Marvin Sapp Talks About Health Issues and Why Marital Life Remains Private


Recently, Kierra Sheard openly discussed her weight issues with Ebony. Now, Pastor Marvin Sapp is the latest gospel star to come out about his battle with the bulge.
“I am overweight, but I’m working on it,” said the singer who is headlining a concert to promote awareness of strokes, a leading killer of African Americans.
On Friday evening, April 12, Sapp is lent his voice to the American Heart Association / American Stroke Association’s Most Powerful Voices Gospel Concert and Health Fair at Greater Grace Church in St. Louis, MO
Statistics show that 58-68% of African American men and women are either overweight or obese. Young minorities have a 2-3 times greater risk of stroke, which is the No. 3 killer of African Americans.
“Stroke and heart disease is major in the black community because of our diet, how we eat and what we eat and how it’s prepared,” Sapp explained during an interview with St. Louis Post-Dispatch.
Traditionally, family recipes passed down through generations contain high amounts of saturated fat, cholesterol and sugar, which lead to obesity-related illnesses.
“I’ve been blessed not to have diabetes or high blood pressure,” shared the "I Win" singer, who is currently shopping his “Marvin Sapp: Single Dad” reality show to networks.
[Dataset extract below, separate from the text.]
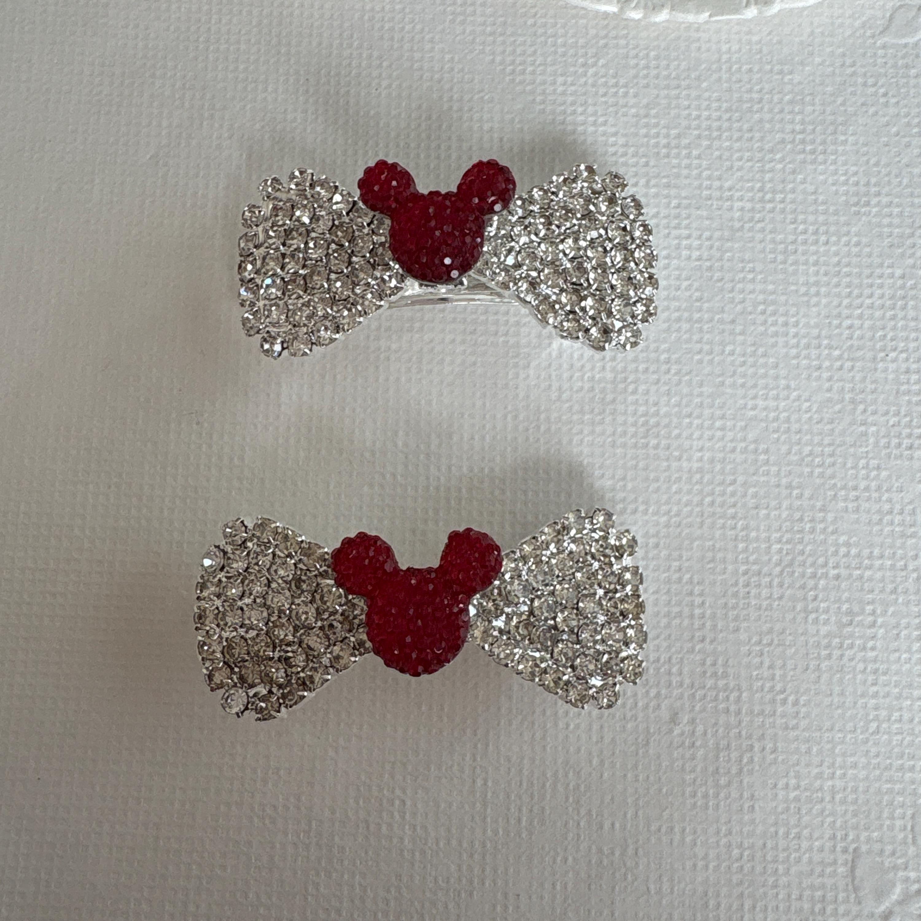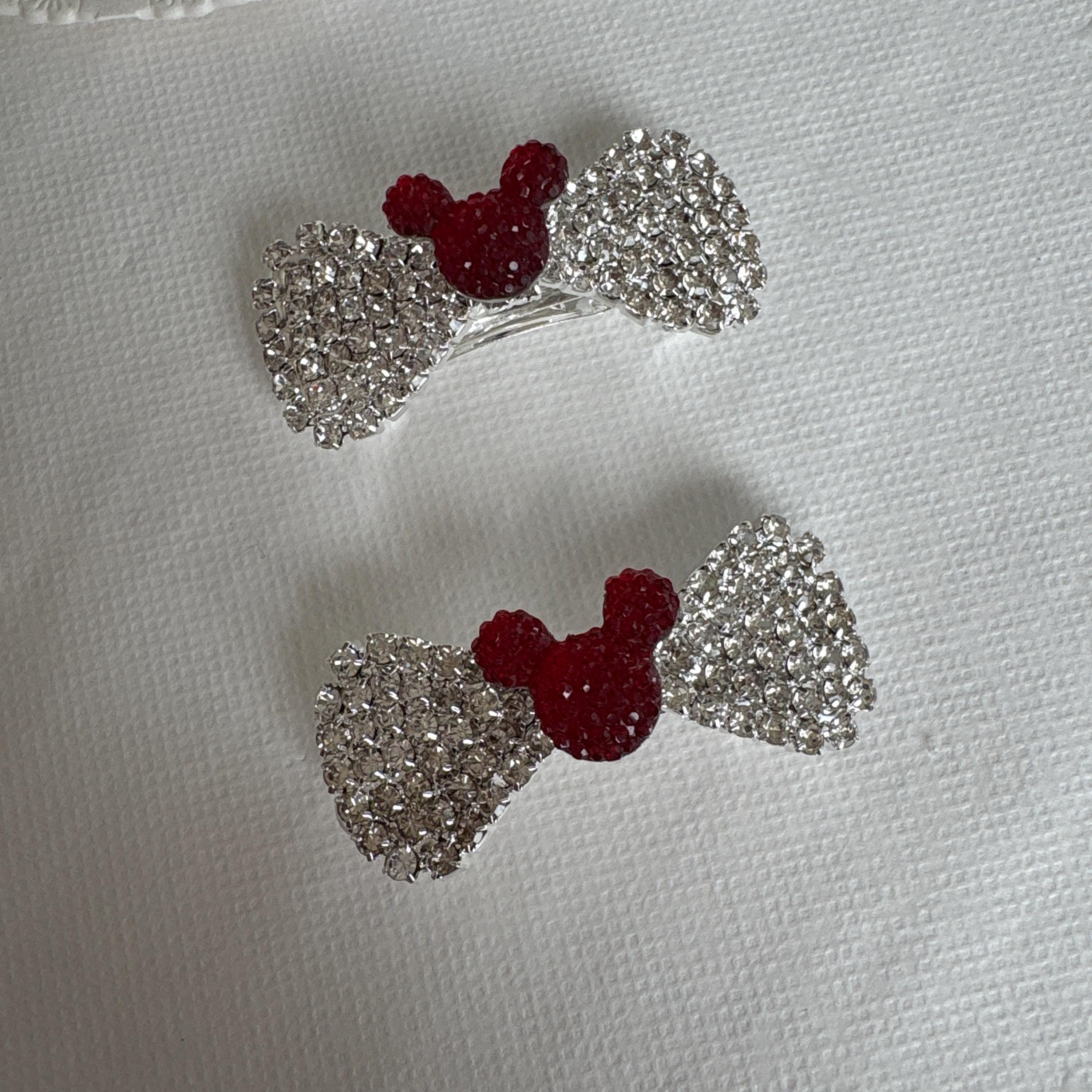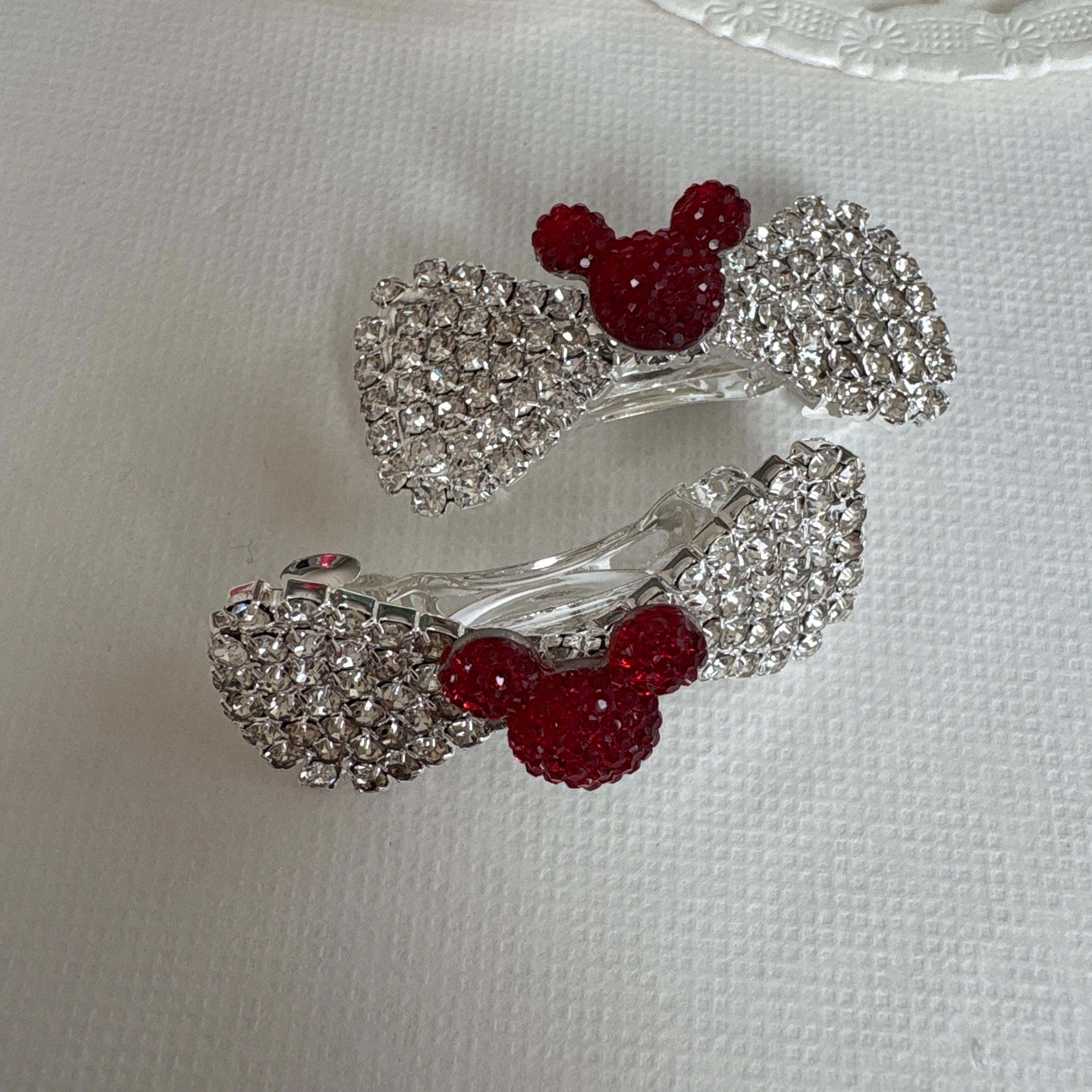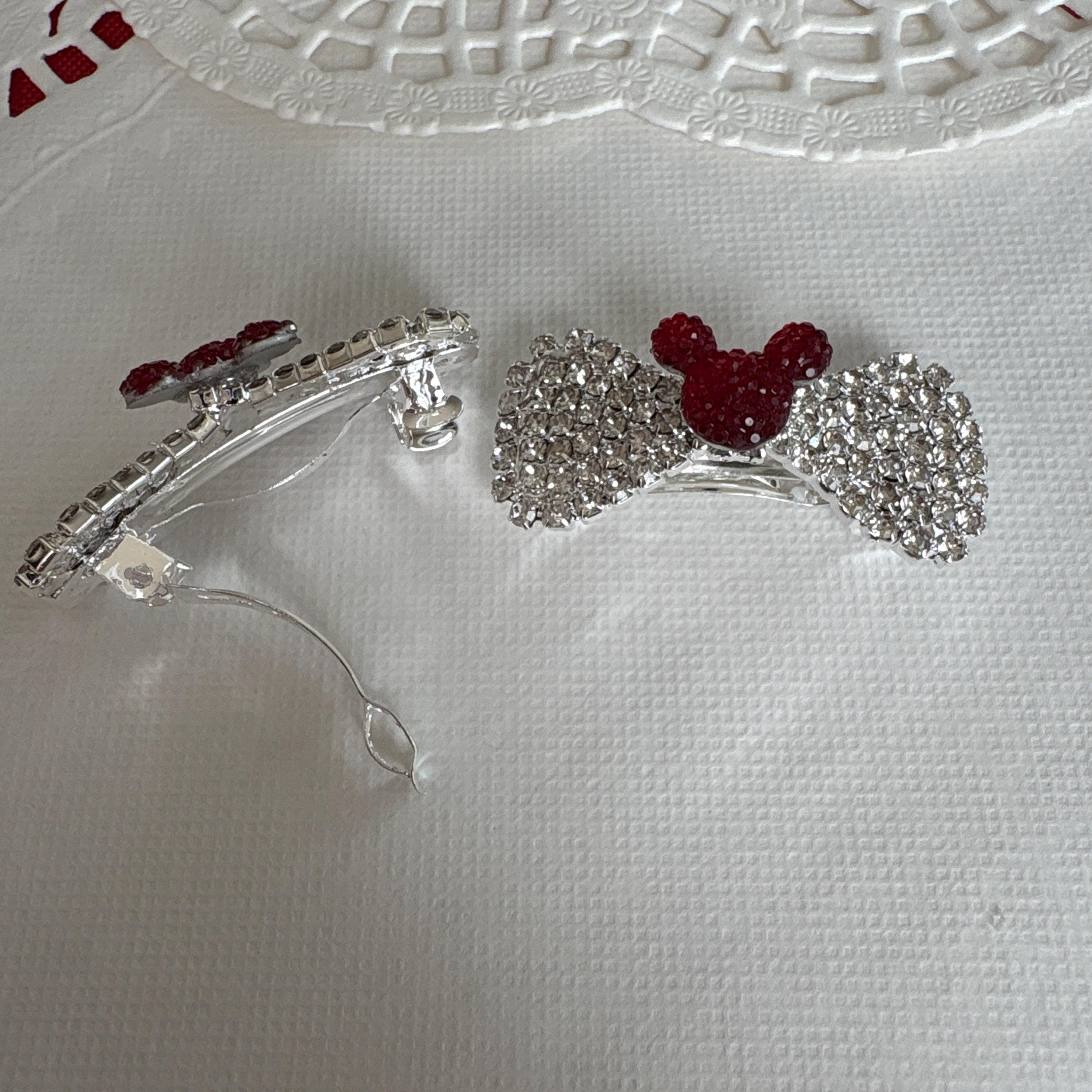 Precious Rhinestone Bow Barrettes with Red Mickeys in a silver tone setting on a French Clasp. This set comes as 1 Pair. They will go on each side of your head. Not made to both go on the same side of your head. If you want them made to go on the same side of your head please message me and I will make them that way.

Single Dad” footage: Marvin Sapp shares a hearty laugh with his daughter during a family outing

It features the recently widowed Sapp raising teenagers, two girls and a boy, pastoring a mega church, and maintaining a busy gospel music career for the first time without MaLinda, his wife of 20 years, who lost her battle with colon cancer in 2010.
“It’s not the type of show that has a whole lot of tension,” said Sapp, speculating about the reason the reality footage remains without a network home to distribute the content.
“There’s not a lot of foolishness and debauchery”--or a love interest, which executives recommend.
Despite urgings to include a leading lady, the Grand Rapids pastor is hesitant to put his love life out in the open. “I don’t believe the church is ready for that. A man of God dating publicly — some things should remain private.”
In an April 2012 radio interview with Philadelphia’s Praise 103.5, Sapp made it clear that his privacy was important to him.
“I’m going to look when I’m ready to look," he said of his search for a new wife. "And where I look is no one’s business.”